- _Brief_
In the material below, the lines between the one holding "Seu grande diferencial" and the one holding "gwen tennyson (/Ben10)/,(ultra", inclusive, are to be set down word for word. Pictures stay out.

- _Source information_
▼▼▼
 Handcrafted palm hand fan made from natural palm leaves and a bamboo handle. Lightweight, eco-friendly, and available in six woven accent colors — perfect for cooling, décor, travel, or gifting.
▲▲▲
▼▼▼
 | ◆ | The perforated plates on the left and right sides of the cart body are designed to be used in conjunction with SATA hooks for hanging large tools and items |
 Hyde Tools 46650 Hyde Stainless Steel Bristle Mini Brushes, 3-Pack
▲▲▲
▼▼▼
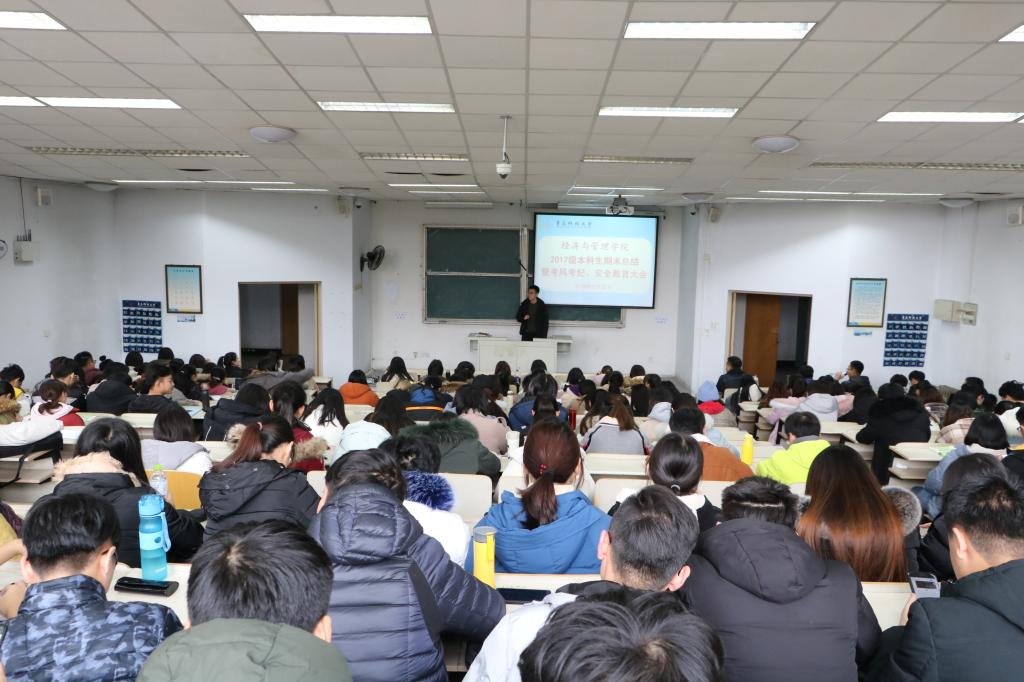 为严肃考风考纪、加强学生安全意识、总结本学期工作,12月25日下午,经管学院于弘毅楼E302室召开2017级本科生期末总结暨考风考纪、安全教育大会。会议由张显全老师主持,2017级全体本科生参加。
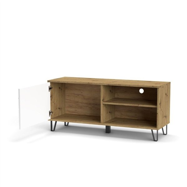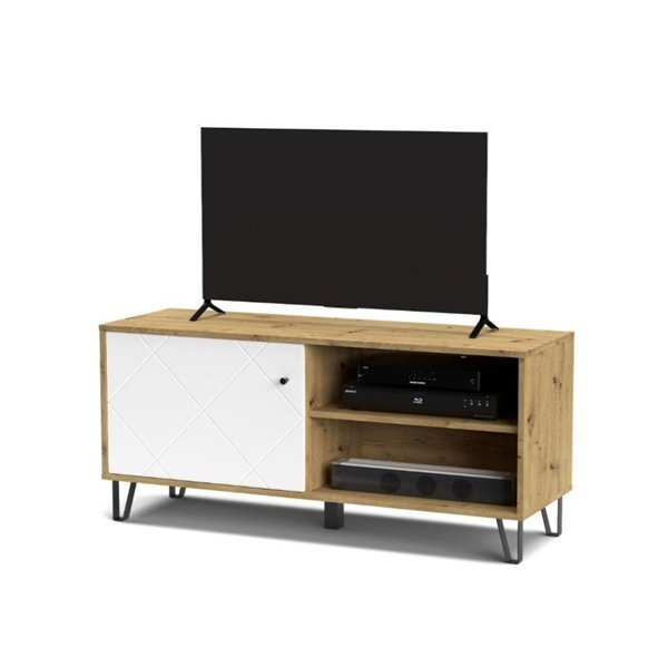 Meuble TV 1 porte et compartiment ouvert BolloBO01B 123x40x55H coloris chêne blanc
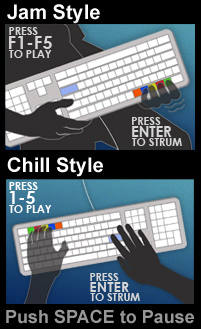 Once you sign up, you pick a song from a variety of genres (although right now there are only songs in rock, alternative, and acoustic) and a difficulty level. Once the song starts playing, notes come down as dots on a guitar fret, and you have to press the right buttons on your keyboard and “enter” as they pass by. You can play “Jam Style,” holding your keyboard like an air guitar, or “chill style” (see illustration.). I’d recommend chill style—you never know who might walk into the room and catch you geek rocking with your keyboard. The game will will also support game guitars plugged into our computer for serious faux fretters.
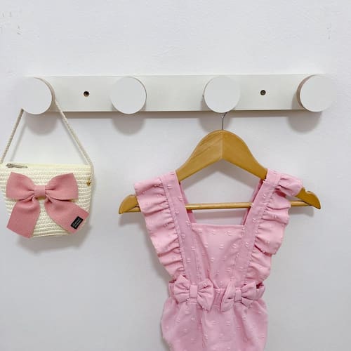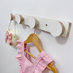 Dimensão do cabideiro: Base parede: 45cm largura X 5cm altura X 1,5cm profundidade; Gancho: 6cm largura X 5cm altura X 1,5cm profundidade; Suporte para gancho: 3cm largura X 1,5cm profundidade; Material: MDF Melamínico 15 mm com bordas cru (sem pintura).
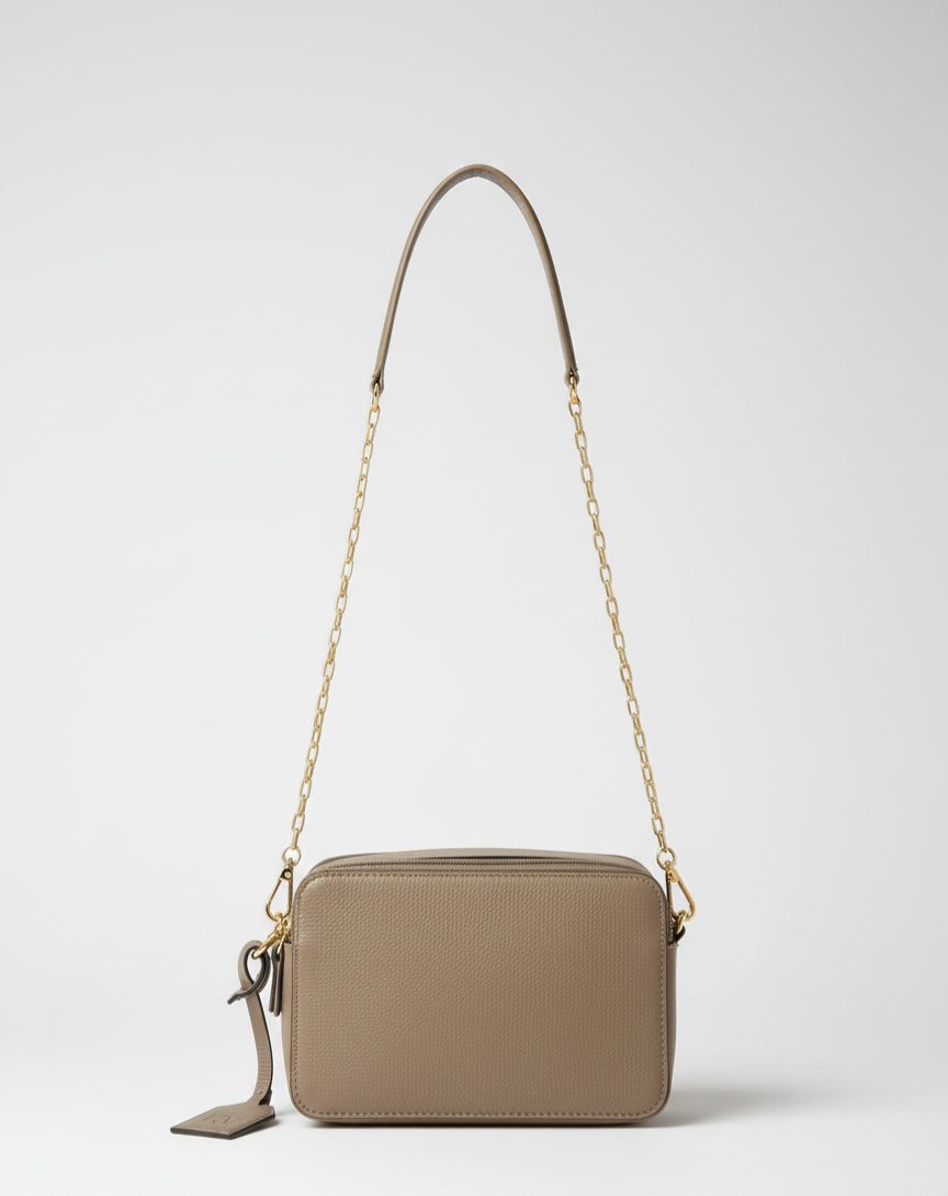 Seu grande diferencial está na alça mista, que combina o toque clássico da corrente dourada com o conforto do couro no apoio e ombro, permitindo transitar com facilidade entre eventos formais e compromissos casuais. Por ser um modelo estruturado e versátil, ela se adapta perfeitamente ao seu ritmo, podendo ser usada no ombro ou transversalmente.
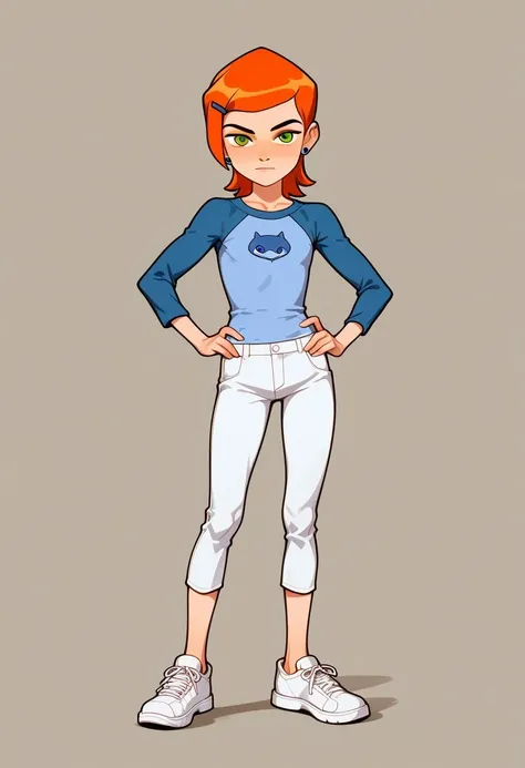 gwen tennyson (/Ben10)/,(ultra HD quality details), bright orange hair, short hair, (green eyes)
▲▲▲
- _Reply to the task_
 Seu grande diferencial está na alça mista, que combina o toque clássico da corrente dourada com o conforto do couro no apoio e ombro, permitindo transitar com facilidade entre eventos formais e compromissos casuais. Por ser um modelo estruturado e versátil, ela se adapta perfeitamente ao seu ritmo, podendo ser usada no ombro ou transversalmente.
 gwen tennyson (/Ben10)/,(ultra HD quality details), bright orange hair, short hair, (green eyes)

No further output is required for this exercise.